The actual percentage rate used is important, because it significantly affects risk and volatility. For example a £30 (3% of £1000) winning bet at odds of 2.0 would increase the pot to £1030, so the next bet is £30.90 (i.e. the stake only increases by 3%). If, instead, the bettor chose a 10% factor – £100 would be staked and the pot would increase to £1100, meaning the next bet is £110, so the stake size increases by 10%.

This gearing effect, illustrated on the graph below, means that it’s usually best to choose a low percentage of pot – e.g. 3%, if risk management is a priority.

To illustrate the potential impact of these different strategies – the chart below shows theoretical pot fluctuations over the 2015/16 Premier League season, using a shot based statistical model to determine value (my adjusted goals method), assuming all matches are played consecutively. The purpose is to illustrate the potential risk/reward profile of the staking strategies rather than the ultimate return at the end of the season.


This shows the enormous gearing effect of increasing percentage pot size from 3% to 5%. The latter is significantly more volatile. And, in this case, the slow and steady fixed amount strategy limits losses towards the season end – when the statistical model underperforms.

Kelly Staking

As discussed, fixed staking is simple and effective – but if you actually go to the effort of independently assessing the likelihood of an event occurring, shouldn’t the stake amount better reflect this assessment? By applying a statistical model (which could range from simple to complex) it’s relatively easy to assess the chance of a particular outcome. This likelihood together with the market odds allows calculation of the bettor’s edge, which equals E = L*O-1, where L = likelihood and O = decimal odds (E is only an edge when positive!).

Intuitively, the stake should increase as the edge increases (to increase expected return) and decrease as likelihood decreases (to manage risk). Fortunately there is a famous staking method that takes account of both edge and likelihood – with the added bonus of being mathematically proven to maximise betting pot over the long-term! This is called the Kelly strategy or criteria (from a paper by J. L. Kelly Jr published in 1956). It can be described in many ways, and using the terminology above is simply E/(O-1) – so for example, if the likelihood of an event is 50% and the bettor’s edge is 5% – then the Kelly stake is 5%/(2.1-1)= 4.55% of the betting fund.

The graph below shows that the Kelly Stake varies by edge and likelihood.


As can be seen the pot percentage can become high, for example a 20% edge for an event with 60% likelihood delivers a Kelly stake of 20%. This reveals one of the problems of the method – the strategy is designed to maximise return, not manage risk. So, with Kelly staking there always remains a reasonable chance of ruin, due to the high percentage stakes.

The other key issue with the Kelly criteria for sports betting is that it’s extremely difficult to accurately assess the edge for a particular event. Often a high edge may just indicate a poor assessment of likelihood (e.g. the market is taking account of more information). In these circumstances Kelly staking is particularly dangerous.

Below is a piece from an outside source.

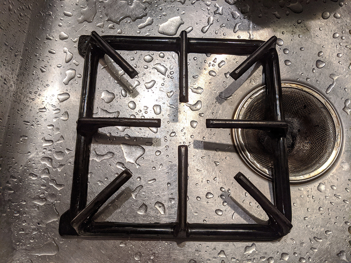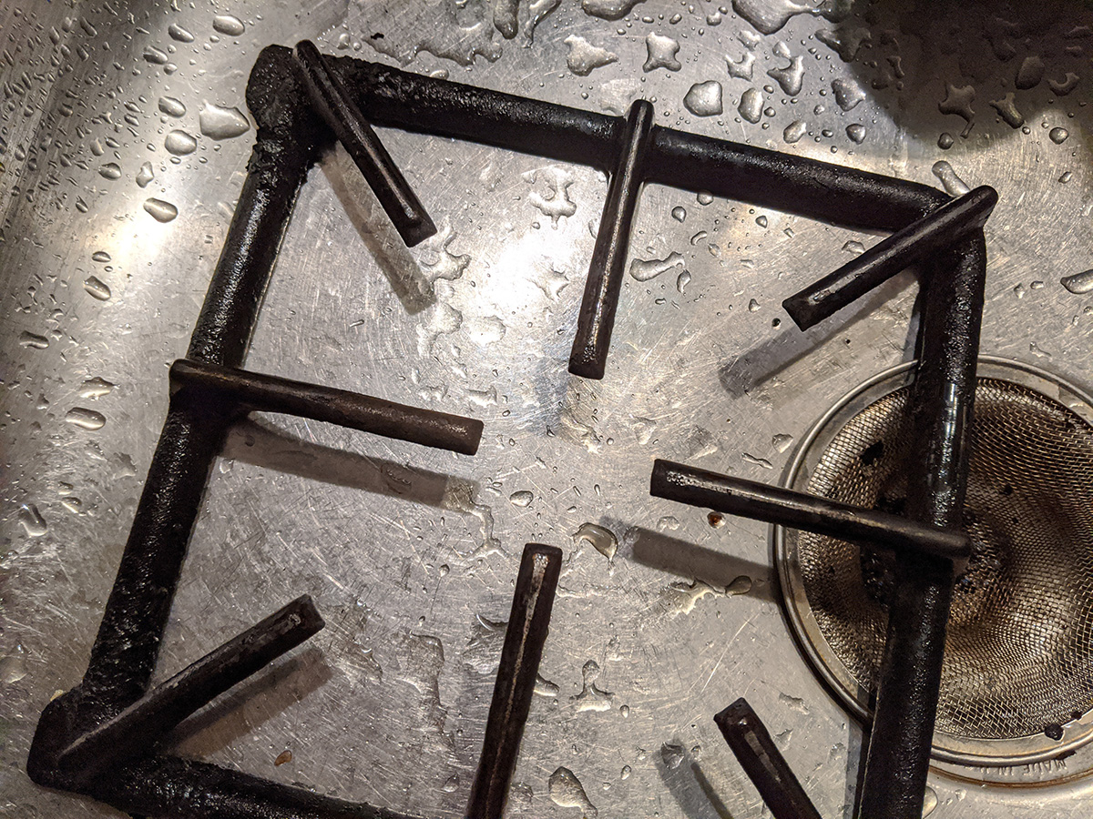 then came the grills. i knew there were layers of caked up oil on the corners, but what i didn't realize was just how grease coated they were. a scrub off the sponge was all it took to revert them to like new conditions against. most of the corner caked oil came off, but the more stubborn deposits i used a steak knife to gently chip off before cleaning it off with the sponge. later i started using a stronger scouring sponge (the green type that's not supposed to be used on non-stick pans), which reminded some of the stubborn grease spots even better.

The Kelly method can be adjusted to reduce its riskiness – for example by applying a factor (such as 50% or 30%) to the staking amount. This is attractive because it significantly reduces volatility. Another alternative is to use a combination of fixed and Kelly staking – by betting the Kelly percentage up to a maximum of (say) 3%. This applies a fixed 3% for most bets but reduces the stake even more for unlikely or low margin events.

The chart below shows the theoretical pot using full Kelly and adjusted Kelly stakes over the 2015/16 Premier League season, using a statistical model to identify value – to illustrate the effect of these staking strategies. This particular season was unusual because there were many high odds winners in the first half of the season – under these conditions Kelly performs badly, compared with fixed staking.